I'd probably poo poo my pants if I saw a policeman on lsd.


----------



## Zepp88 (May 3, 2008)

neon_black88 said:


> I'd probably poo poo my pants if I saw a policeman on lsd.



 

Oh yes. 

"Aw no man, go away, don't hurt me, look I'm an orange, ignore me dude!!!"


----------



## amonb (May 3, 2008)




----------



## neon_black88 (May 3, 2008)

Zepp88 said:


> Oh yes.
> 
> "Aw no man, go away, don't hurt me, look I'm an orange, ignore me dude!!!"



Hahaha exactly man.


----------



## ZeroSignal (May 3, 2008)

From what I've studied about psychology in college, teenagers generally try to break away from their previous role models (ie parents) and find a new one outside of that. I think what happened was when I was just going into my teens the reformed and cleaned up Red Hot Chili Peppers were my heroes and so became my role models. I seriously love that band.


----------



## 7 Strings of Hate (May 3, 2008)

this is kind of a stupid thread, who cares if their high if they rock


where are the glutin free bands? or the low carb diet bands?
hey guys, i'm looking for vegitarian only bands, thats all i'm listening to from here on out.


----------



## neon_black88 (May 3, 2008)

7 Strings of Hate said:


> this is kind of a stupid thread, who cares if their high if they rock
> 
> 
> where are the glutin free bands? or the low carb diet bands?
> hey guys, i'm looking for vegitarian only bands, thats all i'm listening to from here on out.



To be fair there almost certainly is vegitarian bands out there that vegitarians will listen to because there vegitarian. But I was going to say the exact same thing.


----------



## DDDorian (May 3, 2008)

Where do you draw the line? I mean, Zappa is widely known for his anti-drug stance but he was never slow to defend his own cigarette habit. Then there are guys like Ritchie Blackmore who are addicted to themselves... As long as the habit doesn't take priority over their musical output then I don't really care either way.


----------



## Desecrated (May 3, 2008)

Straight edge - Wikipedia, the free encyclopedia


----------



## neon_black88 (May 3, 2008)

Desecrated said:


> Straight edge - Wikipedia, the free encyclopedia



This is pretty much the extreme of what we're talking about.


----------



## 7 Strings of Hate (May 3, 2008)

i hate nothing more than assholes that live a life style in which they constantly try to impose it onto you. straight edge is a perfect example. who cares if a guy is high, its not really anyones business unless hes going crazy.

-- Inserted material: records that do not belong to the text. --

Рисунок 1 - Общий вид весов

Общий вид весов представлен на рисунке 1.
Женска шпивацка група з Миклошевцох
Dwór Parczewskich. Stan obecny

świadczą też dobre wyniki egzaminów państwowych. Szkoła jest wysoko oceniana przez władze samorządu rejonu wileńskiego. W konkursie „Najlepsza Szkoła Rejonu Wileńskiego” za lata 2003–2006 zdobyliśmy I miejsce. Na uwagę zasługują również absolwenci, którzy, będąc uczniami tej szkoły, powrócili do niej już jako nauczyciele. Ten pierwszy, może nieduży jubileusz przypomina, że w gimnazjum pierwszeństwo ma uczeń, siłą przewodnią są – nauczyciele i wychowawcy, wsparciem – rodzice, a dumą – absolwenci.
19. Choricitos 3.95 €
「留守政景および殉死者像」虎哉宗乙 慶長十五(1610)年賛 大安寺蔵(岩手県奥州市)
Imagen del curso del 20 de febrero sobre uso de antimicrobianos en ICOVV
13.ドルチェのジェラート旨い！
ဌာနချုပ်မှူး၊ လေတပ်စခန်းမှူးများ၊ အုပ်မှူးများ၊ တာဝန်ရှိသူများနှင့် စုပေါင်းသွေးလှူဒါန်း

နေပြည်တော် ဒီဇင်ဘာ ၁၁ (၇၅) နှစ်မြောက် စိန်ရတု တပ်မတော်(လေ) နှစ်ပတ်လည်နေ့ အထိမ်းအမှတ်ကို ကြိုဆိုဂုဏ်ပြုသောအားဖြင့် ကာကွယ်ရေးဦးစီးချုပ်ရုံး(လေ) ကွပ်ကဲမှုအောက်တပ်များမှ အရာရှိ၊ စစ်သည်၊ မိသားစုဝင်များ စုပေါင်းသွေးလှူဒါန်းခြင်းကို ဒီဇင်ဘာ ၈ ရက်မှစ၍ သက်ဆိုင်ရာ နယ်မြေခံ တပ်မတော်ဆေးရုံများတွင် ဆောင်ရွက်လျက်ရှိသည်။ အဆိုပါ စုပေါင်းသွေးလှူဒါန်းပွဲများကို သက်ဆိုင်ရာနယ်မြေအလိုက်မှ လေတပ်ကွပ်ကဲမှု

I mean, i'm a pot head, but i'm not encourgeing everyone to smoke, i just wish people would live the life style that is good for them, and quit imposing their lifestyle on others to make them feel reassured that they have other people who have chosen it aswell. 

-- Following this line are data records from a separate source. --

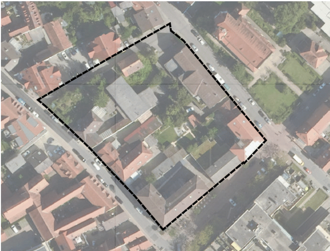
Abb. 1: Untersuchungsraum (UR) zur artenschutzfachlichen Potenzialabschätzung

Der Untersuchungsraum (UR) befindet sich im Ortskern der Gemeinde Oftersheim südwestlich von Mannheim in Baden-Württemberg und wird vollständig von Siedlung, Bebauung bzw. Straßenraum umgeben. Durch die innerörtliche Lage wurde das UR auf den Geltungsbereich sowie angrenzende Bereiche begrenzt (Abb. 1). Es lässt sich durch bestehende Bebauung und Hausgärten charakterisieren, einen bereits anthropogen überformten Lebensraum darstellen. Nachfolgend ist der UR dargestellt:
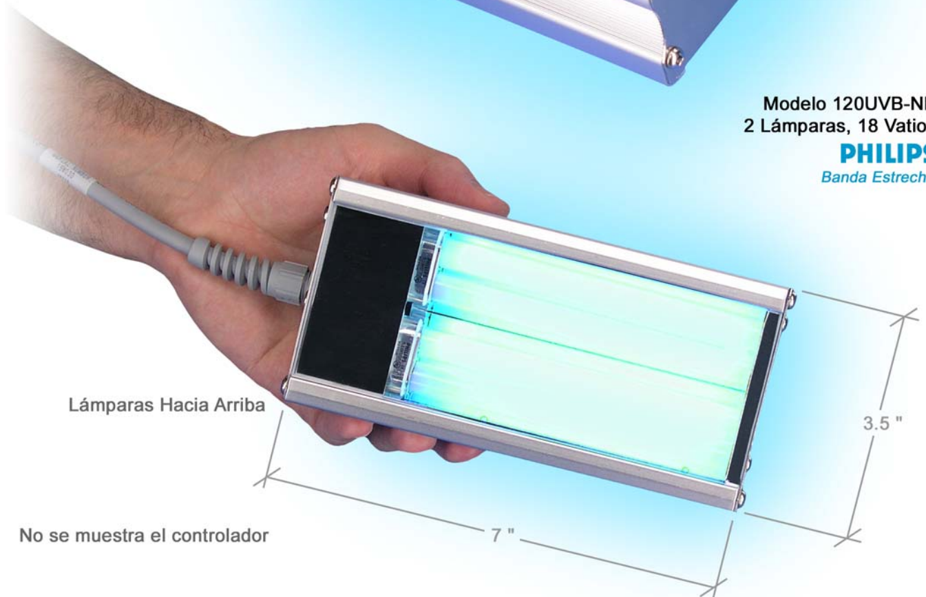
Lámparas Hacia Arriba
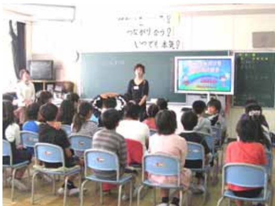
デートDV予防教育(小学校)

予算額 1,900千円 (財源内訳) 一般財源 1,900千円 (前年度) 1,900千円)
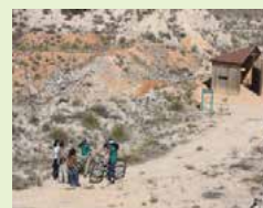
Bird observation hide

La cantera se extiende sobre 200 hectáreas en Castilla la Mancha (Toledo, España). Las colinas semiáridas están dominadas por arbustos y olivos, incluidos tomillo, roble y pastizales con carrasca. Dos especies endémicas protegidas han sido identificadas en el área. La compañía ha creado alianzas con una universidad para los temas de sucesión ecológica y educación; con el WWF en España para temas de comunicación y siembra de árboles; con la asociación local de ciclismo a campo traviesa, y con ingenieros de restauración ecológica. Este programa ha creado un campo de observación botánico y de aves, tramos para ciclistas, un centro de educación y facilita muchos programas de investigación. Las visitas han sido diseñadas para compartir y diseminar el conocimiento sobre las especies de plantas y aves en niños de colegio.

religion is the same way, you have a million assholes telling you that you need to be saved by christ. they tell you that because they are insecure about the whole thing and need to try to brainwash others into it so they dont feel so lonley and stupid about a life choice they are apperently unsure about. otherwise they would just do it and not need reassurance 10 times a day


----------



## oompa (May 3, 2008)

Zep said it pretty well. drug users =! bad people, but there are sober idiots, and using idiots. seen drunk people fuck up live shows more than drugusers, (vaiho anyone) and maynard in tool is actually against drugs in general, with the slight exception that you wrote (do it once, prepared, and gain something from it that benefits you when you are not using).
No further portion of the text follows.